Einige unserer KollegInnen wollen sich allein auf ihren Aufgabenbereich konzentrieren und gute Arbeit leisten. Das bedeutet, dass nicht jeder/jede automatisch Entrepreneur sein möchte und an jeder Entscheidung seines Kreises mitwirkt. Dem gegenüber haben sich andere Personen im Team hervorgetan, die sich besonders stark für die fachliche und organisatorische Weiterentwicklung des Teams einsetzen.
Auf der anderen Seite mussten sehr extrovertierte und meinungsstarke KollegInnen lernen, sich auch mal zurückzuhalten. Am Ende muss sich jeder die Frage stellen, ob eine Entscheidung die eigene Arbeit beeinflusst, und wie wichtig es ist, an dieser Entscheidung beteiligt zu sein.

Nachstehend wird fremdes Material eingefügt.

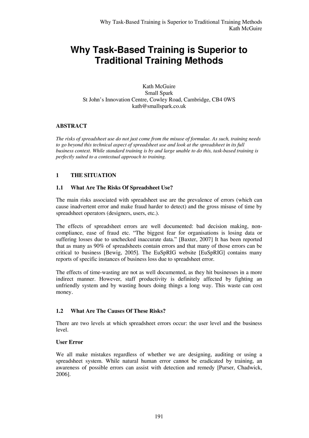 The risks of spreadsheet use do not just come from the misuse of formulae. As such, training needs to go beyond this technical aspect of spreadsheet use and look at the spreadsheet in its full business context. While standard training is by and large unable to do this, task-based training is perfectly suited to a contextual approach to training.
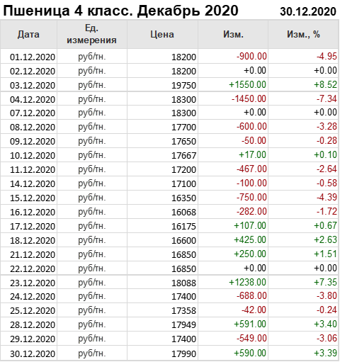 Пшеница 4-го класса, базис поставки Краснодарский край. С начала месяца цены упали на 210 рублей до 17990 рублей за тонну.
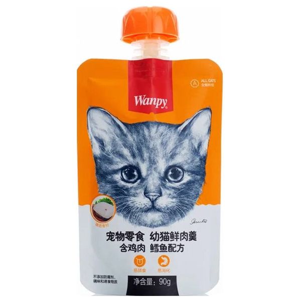 كافأة لذيذة للقطط، تجمع بين نكهة الدجاج الطرية وسمك القد الغني بالبروتين. يتميز بقوامه الكريمي السهل اللعق، مما يجعله مثاليًا لتقديمه كوجبة خفيفة أو مكمل غذائي للقطط
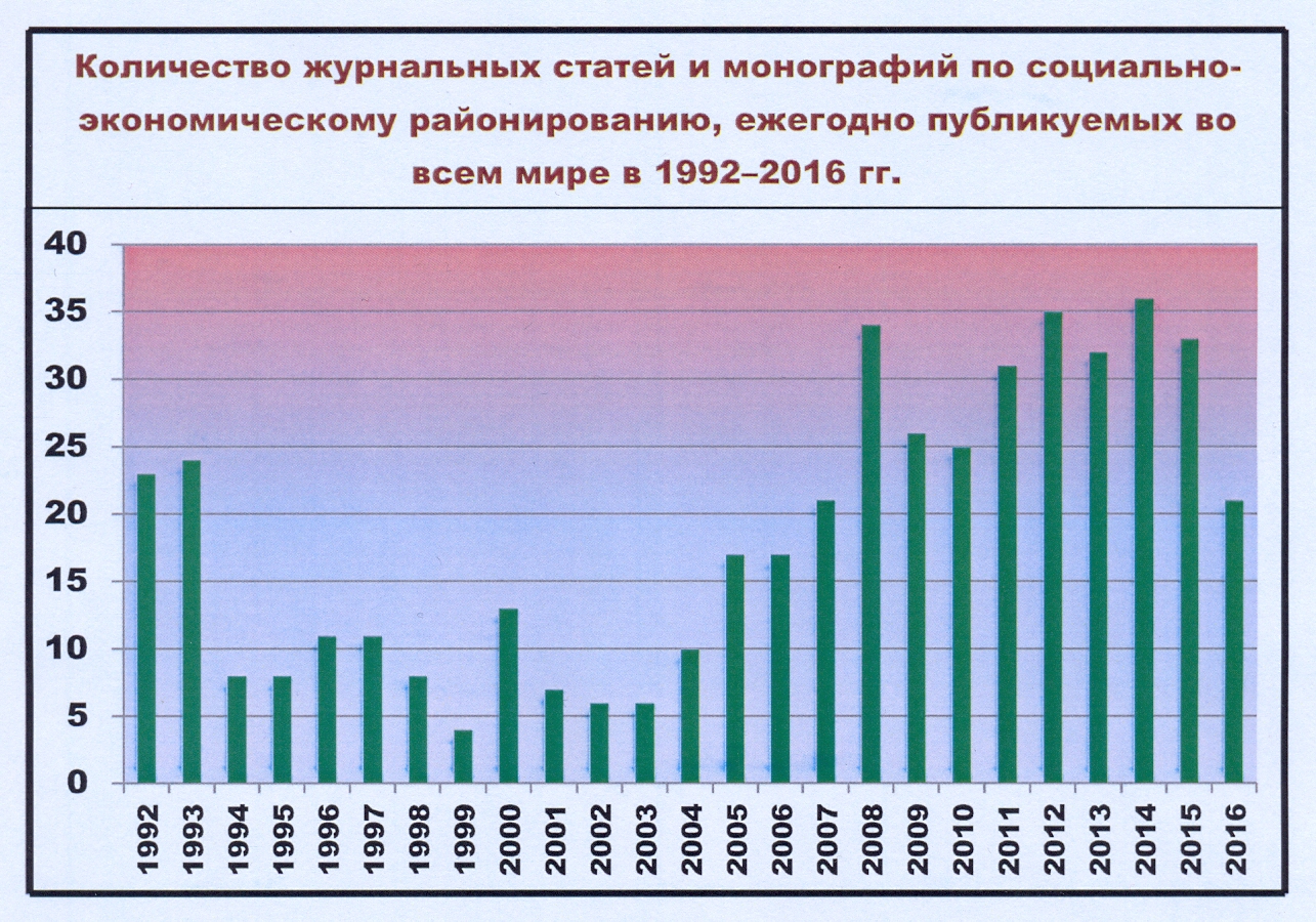 1. Количество журнальных статей и монографий по социально-экономическому районированию, ежегодно публикуемых во всем мире в 1992–2016 гг. | |

Kurze Wege zu unseren Zielen
Bei drängenden Entscheidungen, wie beispielsweise Einstellungs- oder Projektfragen, wurde uns bewusst, dass wir bei Alvary eine Fast Lane brauchen. Wir wollten einen Weg für kurzfristige Entscheidungen finden, um nicht auf die Abstimmung der wöchentlichen Kreis-Besprechung warten zu müssen. Die Entscheidung für eine solche Fast Lane trafen wir in einer der monatlichen Governance-Besprechungen. In diesen Besprechungen werden gemeinsam Vorschläge diskutiert und entschieden, die die gesamte Organisation betreffen (“Muss es für das neue Büro wirklich der teure Betonfußboden sein?”). Kontinuierlich versuchen wir in den Meetings anhand vorbereiteter Vorschläge unsere Organisation zu hinterfragen, gute Aspekte zu verstärken und laufende Prozesse („An die Low Voice Policy im Open Space Office hält sich immer noch keiner”) zu verbessern.
Für die Entscheidungsfindung ist es sehr hilfreich, dass immer mehr KollegInnen aktiv Vorschläge unterbreiten und bereits im Vorfeld der Meetings Mehrheiten organisieren. Das zeigte sich unter anderem bei dem Thema Gehaltstransparenz. Im Rahmen einer Governance-Runde entschieden wir uns dazu, dieses Thema bei Alvary traditionell zu handhaben: Nur ausgewählte Positionen sollten damit betraut sein, Gehälter einzusehen und diese zu verhandeln – unter dem Vorbehalt, in einem vorgegebenen Rahmen bleiben zu müssen.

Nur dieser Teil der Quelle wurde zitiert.